In the first post I talked about how this related to the Male Gaze, which was the context of the example provided in the Folding Ideas Video I got the term from. Anti-War films didn't come up in that video but did in the comments section.
I discussed the issues that Anti-Wars films often have in my post about Kong Skull Island. That was my knew jerk reaction to express my general enjoyment of that film, so I may have gone over board, it too has ways you could interpret it as being Pro "the right kind of War", via the Island needing Kong to defend it from the ugly less human looking lizard monsters. Still, I definitely stand by the Gundam franchise being the best Anti-War genre fiction.

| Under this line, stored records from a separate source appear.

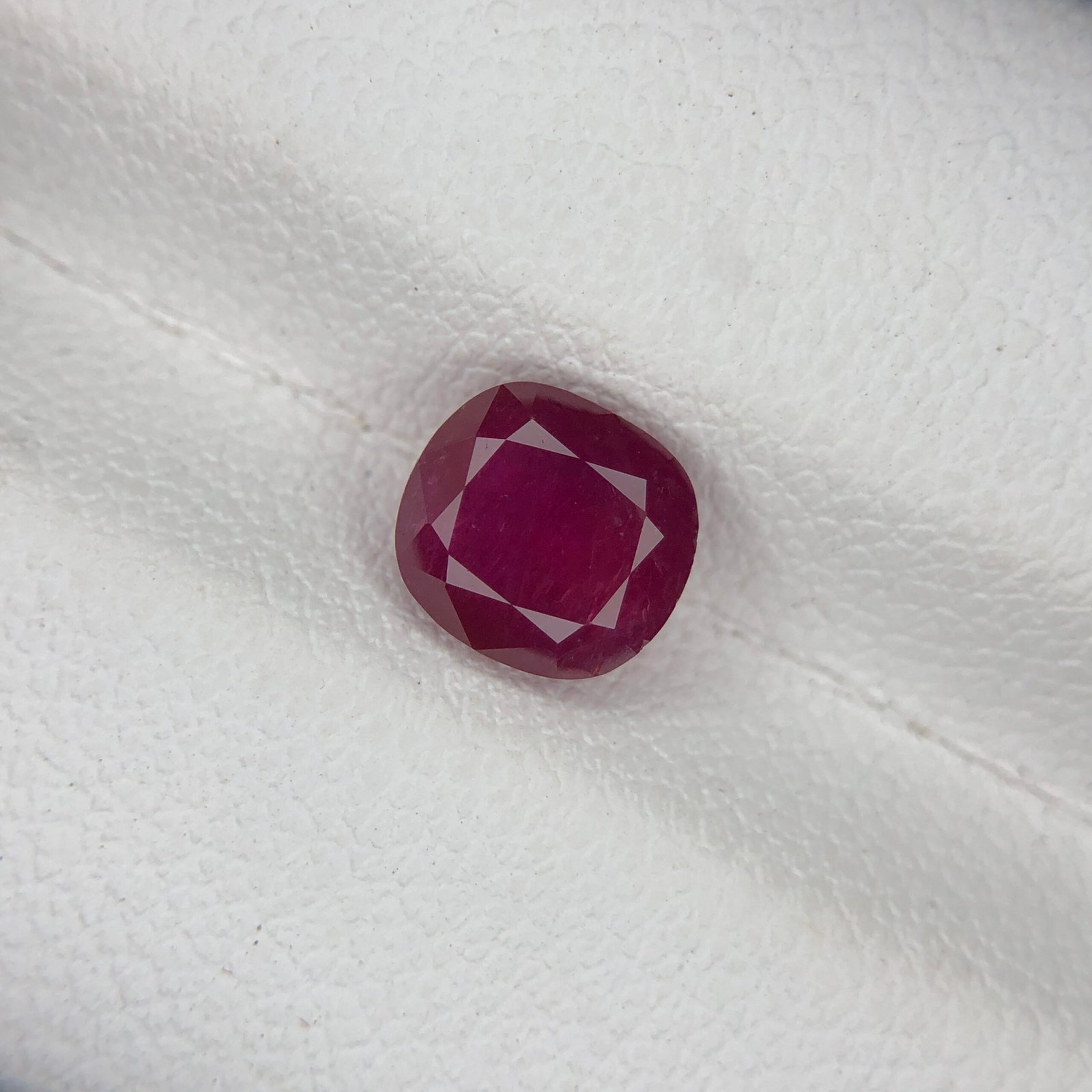 A highly sought-after 1.85-carat natural ruby, sourced from the premium mines of Mozambique. This gemstone has been certified by the Galaxy Gemological Institute (GGI Report #KHI2512920611) with ‘no evidence of enhancement found,’ confirming its rare, natural state. Its vibrant red color, semi-transparent quality, and classic cushion cut make it a valuable investment piece for bespoke jewelry.
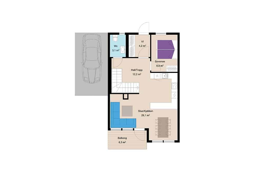 Med smarte bo-detaljer forener HEGG et tiltalende ytre med arealeffektive planløsninger. I hovedetasjen er det en romslig entré, wc, stort soverom og en åpen kjøkken-stue løsning i vinkel med god plass både til stort spisebord og sittegrupper. I underetasjen finner du et deilig, stort hjørnebad. Med carporten like utenfor hovedinngangen er det kort vei til bilen på hustrige vinterdager.
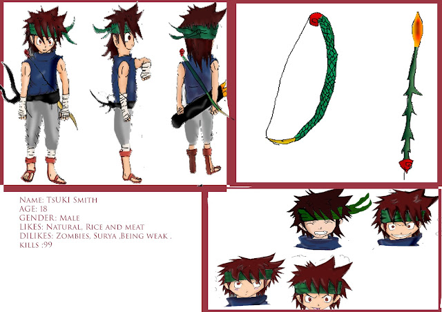 This is my first character his name called Tsuki (means"Moon " in Japanese ) smith .I only colored half of them ,as I don't have much time to colour in as the weeks are getting closer.I like this character a lot because the drawing are my original style and I found out that I have got other styles then my previous styles. The inspiration on the character is from Metal Solid Gear with the headband because it one my favorite games out there because it has a really good story line.The character sheet is really cool too but it would look really cool when it is be polished in illustrator.
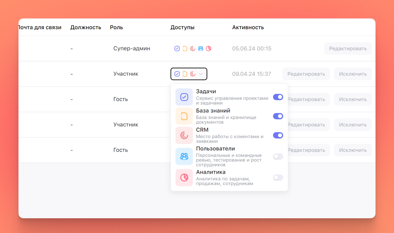 У нас пять сервисов — Задачи, База знаний, CRM, Пользователи, Аналитика. Ты можешь решить, какими сервисами может пользоваться конкретный участник рабочего пространства — например, дать доступ к Базе знаний и Задачам, но закрыть к CRM и Аналитике
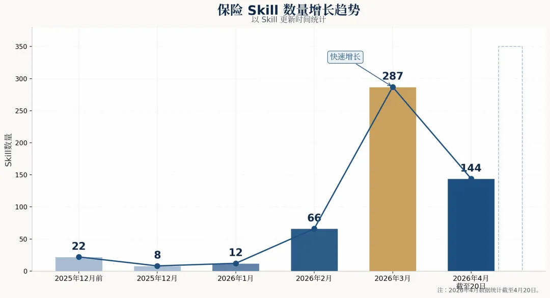 从样本来源与时间分布看,当前保险Skill市场已不再是零散试水,而是开始进入明显增量阶段。若以Skill更新时间观察,2025年12月以前样本更新的增量仍较有限,进入2026年后开始明显提速,2月升至66个,3月进一步跃升至287个,4月截至20日仍达到144个。尽管这一统计口径更接近市场活跃度和迭代频率,而不完全等同于Skill的首次创建时间,但它依然足以说明,保险相关能力组件正在快速进入集中发布和持续更新阶段。也正因为如此,当前市场真正值得回答的问题,已经不只是有没有保险Skill,而是这些Skill是否具备进一步集成、复用和稳定调用的基础。
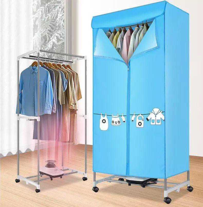 衣架式烘干机,简单来说,仿佛就是衣架外面套一层罩子,通过电热器加热空气,衣服上的湿气直接排出去。就像一个大型的吹风机,用热风吹干衣物。
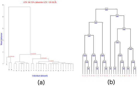 In this group, there are 28 datasets in space group P2221, collected from 10 crystals formed with a solution containing gadolinium, subsequently soaked in a solution containing osmium, and finally dehydrated with the addition of salts corresponding to protocol dh1. The best strategy with BLEND at the very beginning of a data combination process is to execute the program in dendrogram-only mode (option –aDO) in order to check the validity of all files involved, and to display the dendrogram. The program does not produce all files needed for subsequent runs, but it runs faster in this mode, and rapidly identifies outliers among the datasets. The result of the analysis of all 28 datasets in group 25 is shown in Figure 4a, and it is clear that datasets 23, 24 and 28 are very non-isomorphous with the other datasets and also among themselves.
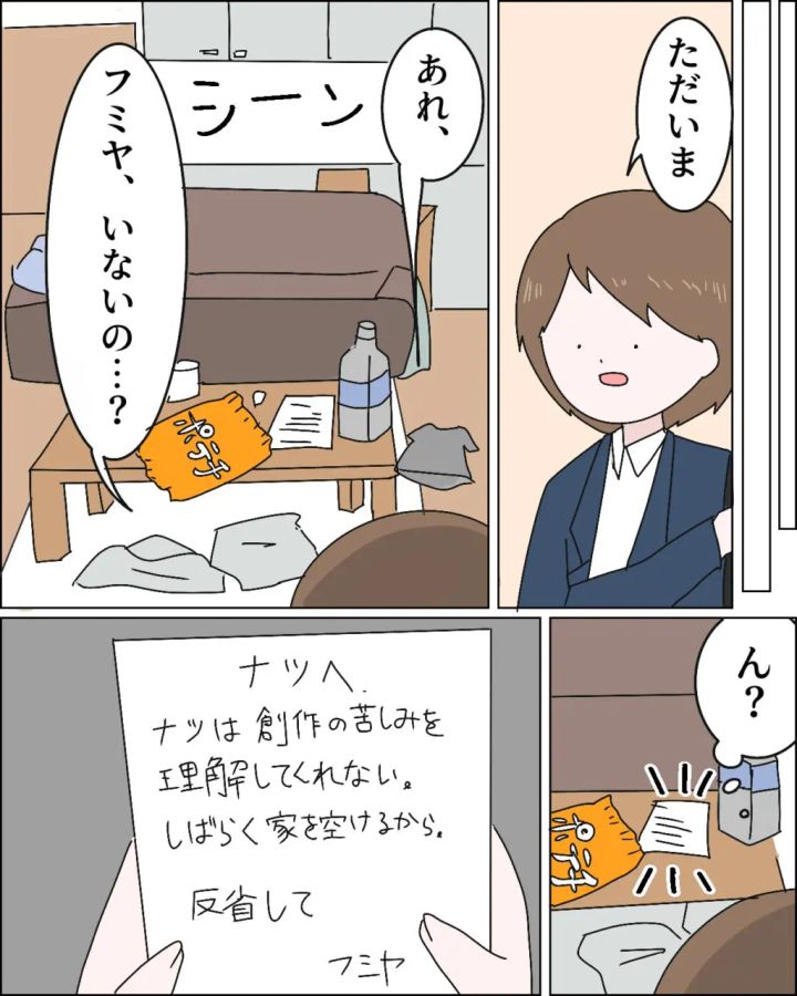 「ただいま」と帰っても誰もいない部屋。「あれ、フミヤ、いないの・・?」そう思って辺りを見回すと、「ん?」そこには「ナツへ ナツは創作の苦しみを理解してくれない。しばらく家を空けるから。 反省して フミヤ」と書かれた手紙が。

It basically comes down to how much the need for the violence to be entertaining, undermines the objective of making it horrific. Again, this too is perhaps easier to do allegorically with some Sci-Fi or Fantasy horrificness. When it's Lovecraftian Elderich Abominations or Giant Robots destroying buildings and lives, our subconscious is less likely to decide that looking cool makes it good in real life cause we know it presumably can't happen in real life. Examples of this can go from how the original Gojira works as an allegory for Nuclear War, to how good Miyazaki is at making things look unnaturally ugly in films like Nausicaa and Princess Mononoke.
Still, the main suggestion I want to make today, is that if you really want to have a completely realistic Anti-War film. Maybe the solution is not to go the Gritty front line horror route. But rather to, and this will offend the-fanboy-perspective blog endlessly, not seek an R rating.
When you're depicting the people on the front lines, you're depicting the people who even the most already inclined to be Anti-War viewers are naturally likely to sympathize with. There is a desire to view the brave warrior on the front line as worthy of respect, maybe as a victim rather then a hero, but still worthy of respect. And I think that really lies at the heart of how Anti-War films unintentionally undermine themselves, even if it doesn't directly seem like the main reason.
Maybe it's better to focus more on the people who aren't on the front lines, the people who aren't directly risking their lives as much, yet are much more the reason the Wars happen to begin with. The politicians and really high ranking generals. Show their cold detachment. Much of Lawrence of Arabia does this, which is why I like that film so much.